Lässig lehnte er sich gegen einen Labortisch.

„Da war ich schon unterwegs.“ Sein Blick nahm einen erwartungsvollen Ausdruck an. „Hat sich mein Verdacht bestätigt?“

„Nein.“

Überrascht hob er die Brauen.

„Nein?“

„Nein“, wiederholte Antonia. „Keine Fremdeinwirkung.“

„Sicher?“

Ein spöttisches Lächeln umspielte ihre Lippen.

„Wann wirst du endlich mal eine normale Todesursache akzeptieren? Der Mann ist an einem Herzinfarkt gestorben.“

„Könnte es nicht auch Gift gewesen sein? Hast du eine toxikologische Untersuchung durchgeführt?“

Der Blick, mit dem sie ihn bedachte, war geeignet, ihn mehrere Meter tief in den Boden zu versenken.
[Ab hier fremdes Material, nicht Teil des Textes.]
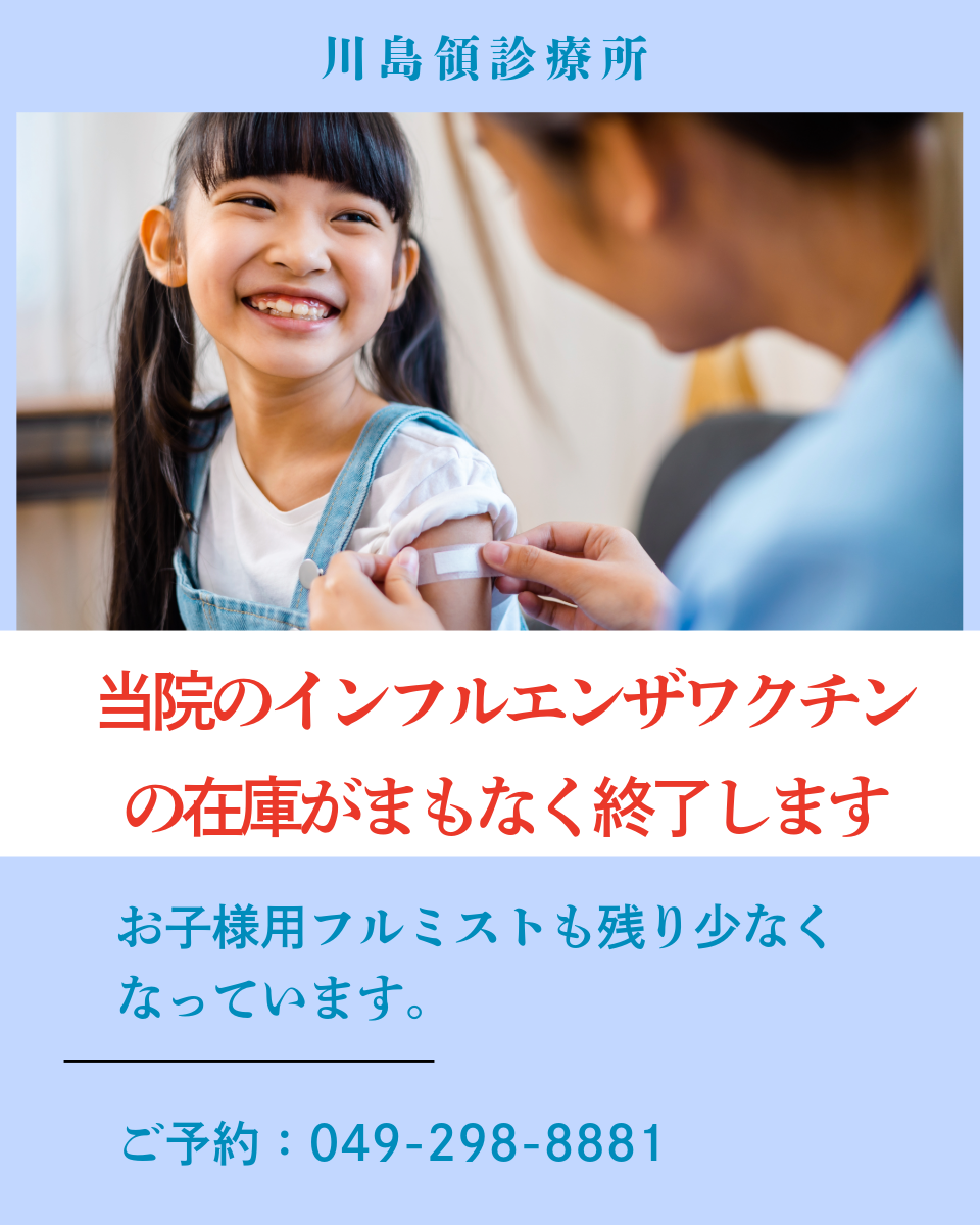 10月に開始した予防接種で、当院のワクチン在庫も残すところわずかとなりました。未接種の方は是非ご検討ください。

„Er litt an Arteriosklerose. Ursache und Wirkung – du verstehst? Ursache: krankes Herz, Wirkung: tot.“ Herausfordernd musterte sie ihn von den blonden Locken bis zu den schwarzen Turnschuhen. „Zweifelst du etwa an meiner Kompetenz?“

„Das würde ich mir nie erlauben“, versicherte er ihr hastig. „Man erzählt sich, dass du auf deinem Gebiet eine der Besten im ganzen Land bist.“

Scheinbar empört erhob sie sich.

„Wer sagt denn so was?“

„Alle, die das beurteilen können.“

„Dann muss es wohl stimmen.“ Nachdenklich trat sie ans Fenster. „Wie lange bist du jetzt eigentlich hier bei der Kripo?“

„Ungefähr seit acht Monaten.“

„Und wie lange bist du schon mit meiner Schwester zusammen?“

„Genau zehn Wochen ...“

„Aber...?“

Verlegen blickte er auf seine Schuhspitzen.

„Ich habe manchmal das Gefühl, dass es ihr nicht so ernst ist wie mir. Ich weiß genau, dass Franziska die Frau ist, die ich heiraten will. Aber wenn ich über unsere Zukunft spreche, weicht sie immer aus.“

„Franzi ist seit ihrer Scheidung vorsichtig geworden. Wahrscheinlich hat sie einfach Angst, dass es wieder schiefgehen könnte. Lass ihr ein bisschen Zeit.“

Verstehend nickte Pit.

„Okay.“

„Hast du Lust, sie morgen zu meiner Einweihungsparty zu begleiten?“

„Mit dem größten Vergnügen. – Danke für die Einladung.“

Rasch zog er sein läutendes Handy aus der Tasche. Kaum hatte er es am Ohr, erklang auch die Melodie von Antonias Mobiltelefon.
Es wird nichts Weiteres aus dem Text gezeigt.